Problem:
I'd like the listing below copied exactly, with the images left out.

The data:
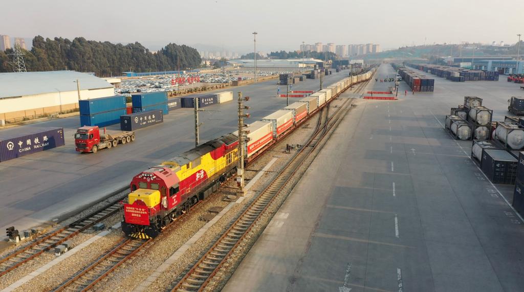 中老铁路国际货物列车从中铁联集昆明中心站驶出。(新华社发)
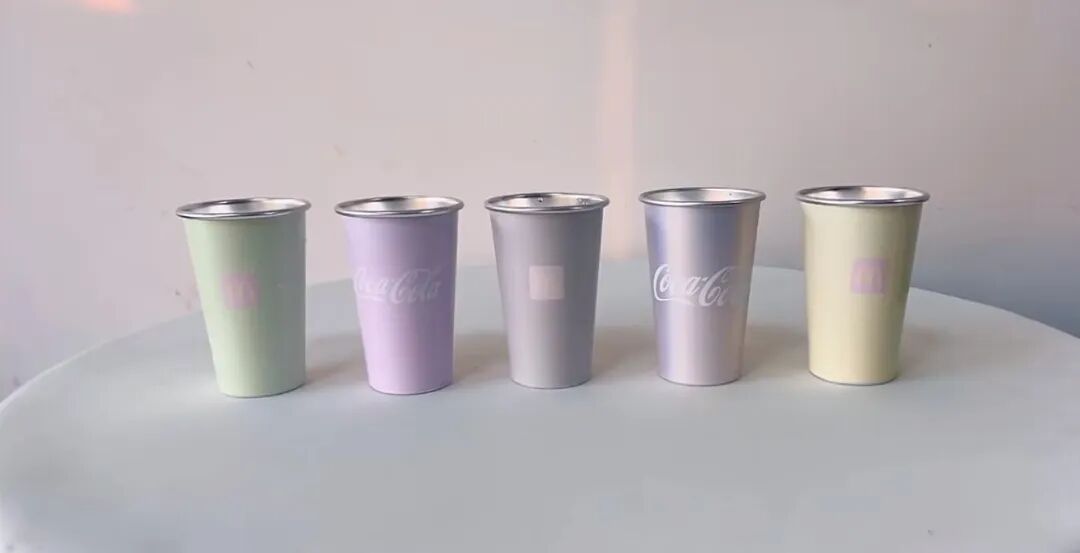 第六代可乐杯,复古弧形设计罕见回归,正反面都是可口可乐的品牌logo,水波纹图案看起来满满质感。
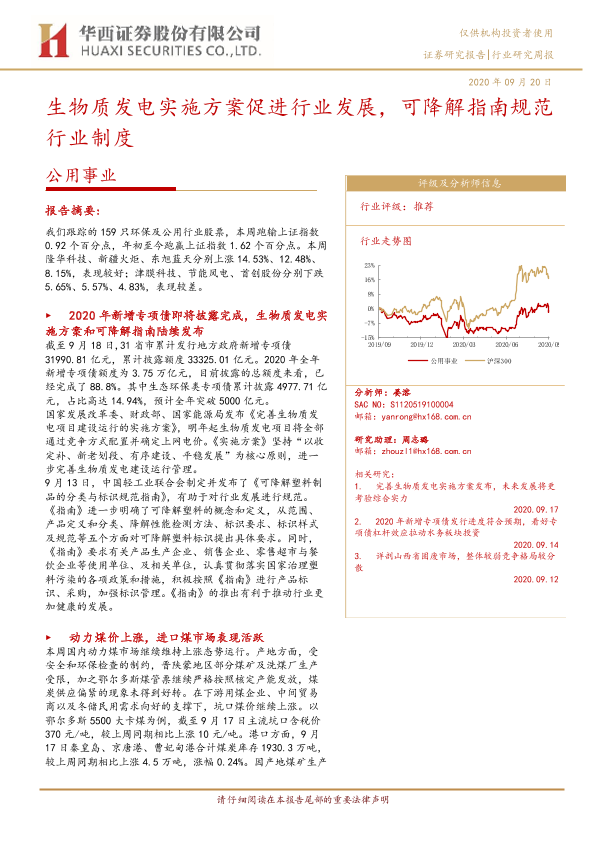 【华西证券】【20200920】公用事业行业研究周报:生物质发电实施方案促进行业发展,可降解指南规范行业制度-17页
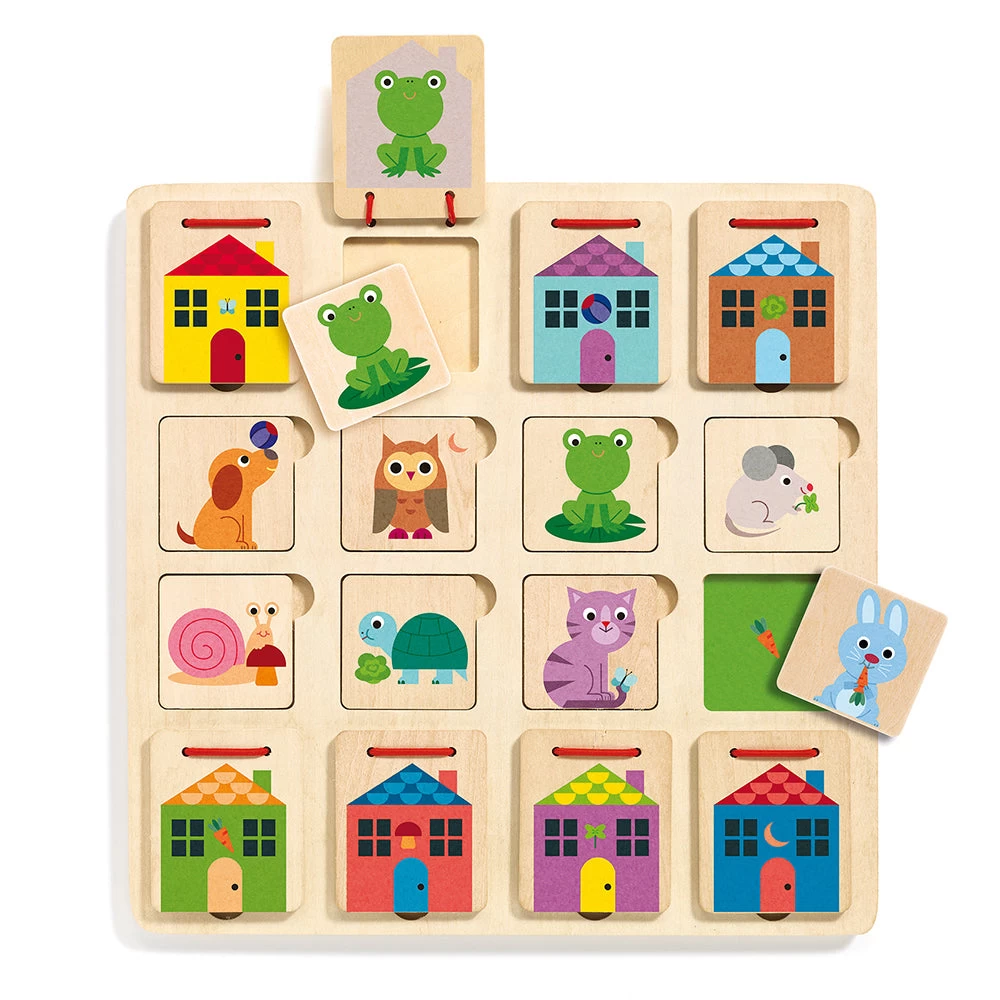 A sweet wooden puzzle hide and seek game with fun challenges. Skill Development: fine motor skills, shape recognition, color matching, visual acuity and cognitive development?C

Solution for this task:
 中老铁路国际货物列车从中铁联集昆明中心站驶出。(新华社发)
 第六代可乐杯,复古弧形设计罕见回归,正反面都是可口可乐的品牌logo,水波纹图案看起来满满质感。
 【华西证券】【20200920】公用事业行业研究周报:生物质发电实施方案促进行业发展,可降解指南规范行业制度-17页
 A sweet wooden puzzle hide and seek game with fun challenges. Skill Development: fine motor skills, shape recognition, color matching, visual acuity and cognitive development?C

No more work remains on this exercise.